I have told you that many times already
Would you like me to call 911
What assault are we talking about?
This is not a police matter.
You said you were assaulted by one of our church members in your living room
You must contact the police if you have been assaulted
I am here for you in anyway that I can be, but I cannot assist with any type of legal matters. Is that OK?
No one is asking you to assist in legal matters.
And you know perfectly well that calling 911 for something that happened 9 months ago is a mis-use of resources.
And being trapped in the living room does not constitute an assault.
Not a legal one, anyway.
I see what’s going on. It’s the man/woman type of conversation.
I am asking for empathy, you are trying to solve a problem.
The problem was solved long ago, I still want empathy.
I told you multiple times that I needed to be listened to, and you kept trying to tell me that I needed to call the police.
Like they would listen to me either.
I don’t want someone to bring up the topic and have everyone else just talk over it as if it never happened, and that the person that it happened to doesn’t matter, does not exist.
OK. I understand. I am here for you, and will gladly listen.

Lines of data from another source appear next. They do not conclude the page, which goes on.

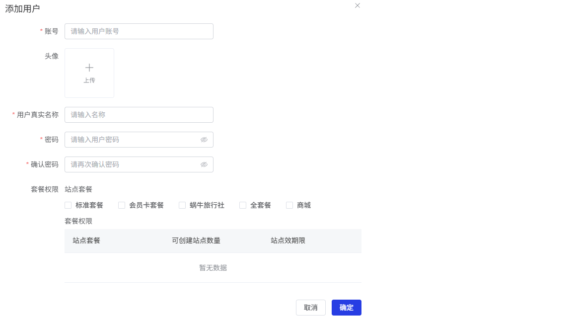 在"套餐权限"区域勾选用户可使用的套餐类型,包括:站点套餐、会员卡套餐、蜗牛旅行社、全套餐、商城。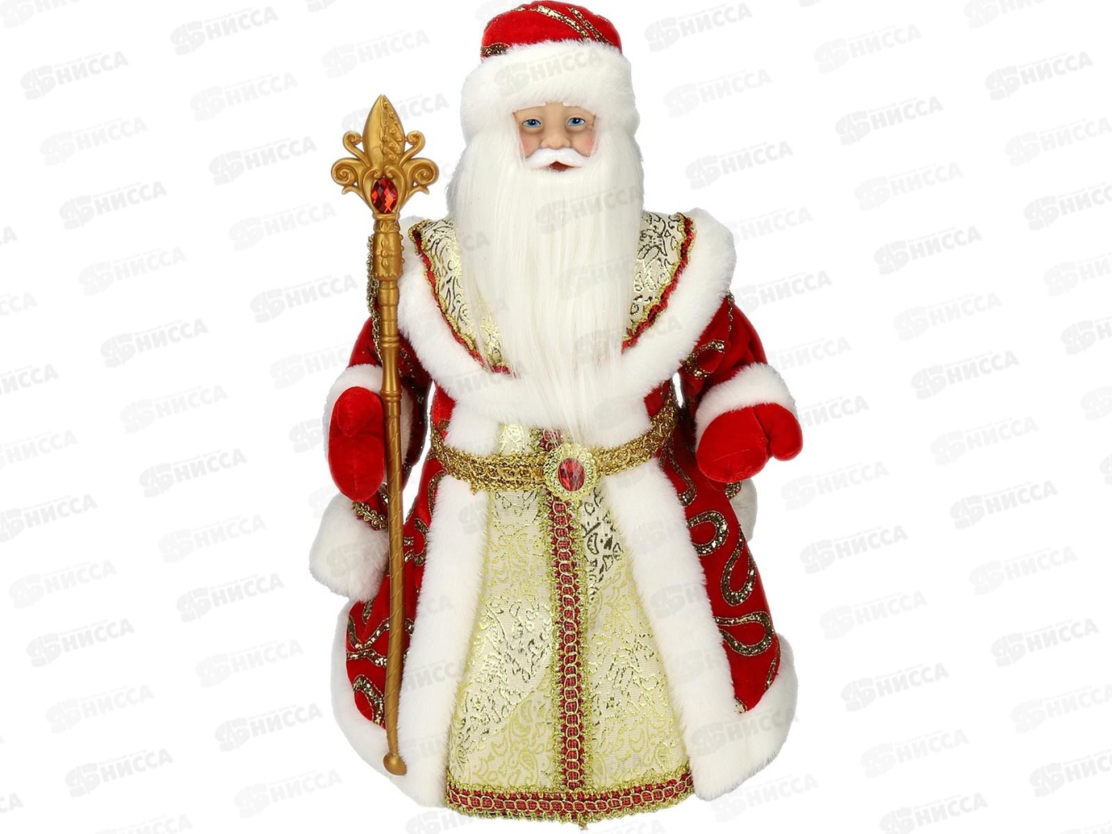 Код:585825; Дед Мороз в красной шубе с пайетками и белым мехом, 40см, Т-6584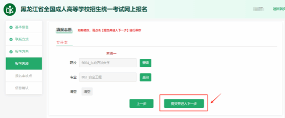10.“报考方向”一栏如下,请认真填写,填写完成后点击“提交并进入下一步”。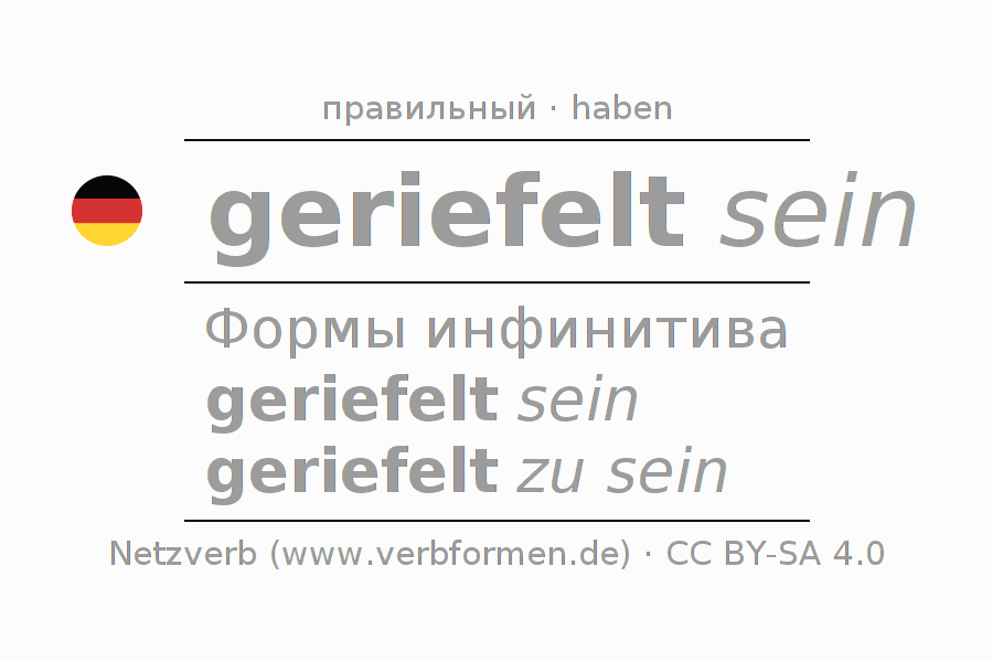 Этот глагол riefeln полностью спрягается во всех лицах и числах Инфинитив Презенс Перфект.

Would that be most helpful for your right now?
Are you willing to apologize to me?
Of course I am. I am very sorry for anything I’ve done to hurt you. Would you like a written apology or in person, also?
Do you understand what I’m asking for an apology for?
Not really, but I want to extend my apologies. Are you willing to share what I’ve done?
As I have said repeatedly, you have not been listening to me. I keep saying, “I’m concerned about X.” You reply, “You need to do orange, and I’m not equipped to handle 17.”
Actually, considering the liie filled letter we have just received from the church, forget it.
What did we lie about?
For one thing, Jonathan told you repeatedly that he is currently seeing a counselor. As did I. Your letter says that he said he has “previously” seeing one. And Jonathan has not threatened anyone. He has received threats. I was sitting right here. He did say that he was getting help.
Ok, I missed that. Whom is he seeing? We just need proof and he can come back if he wants.
We asked him yesterday but he just went on and on and on about other stuff.
We understand that but interruptions in the worship service will absolutely not be tolerated and current Documentation of therapy must be received. This is an order from our attorney.
He should know his behavior is entirely unacceptable.
And I told Judy Jensen that when I was trying to get a phone number from her and she kept asking me rude personal questions.
I see, threatening someone in service is fine, as long as its quiet.
Judy Jensen didn’t talk to you yesterday.
Judy Everly did.
Your claims are absolutely preposterous. This communication will cease. You are always welcome to make an appointment with me.
Neither one talked to me directly yesterday, And I never said it was.
(Note: I intended these toi follow the events of Aug. 7 more closely. But I hAVE BEEN IN THE HOSSsP.ITAL. When Emathy could have done the most good Michael DunlAP Instead stood up for the dignity of HIS service over the empathy OF Christ and proved Betsy right. He Has no gift of pastoral care. He is a misogynist. The least defense of my wife I can do Is call a spade a spade.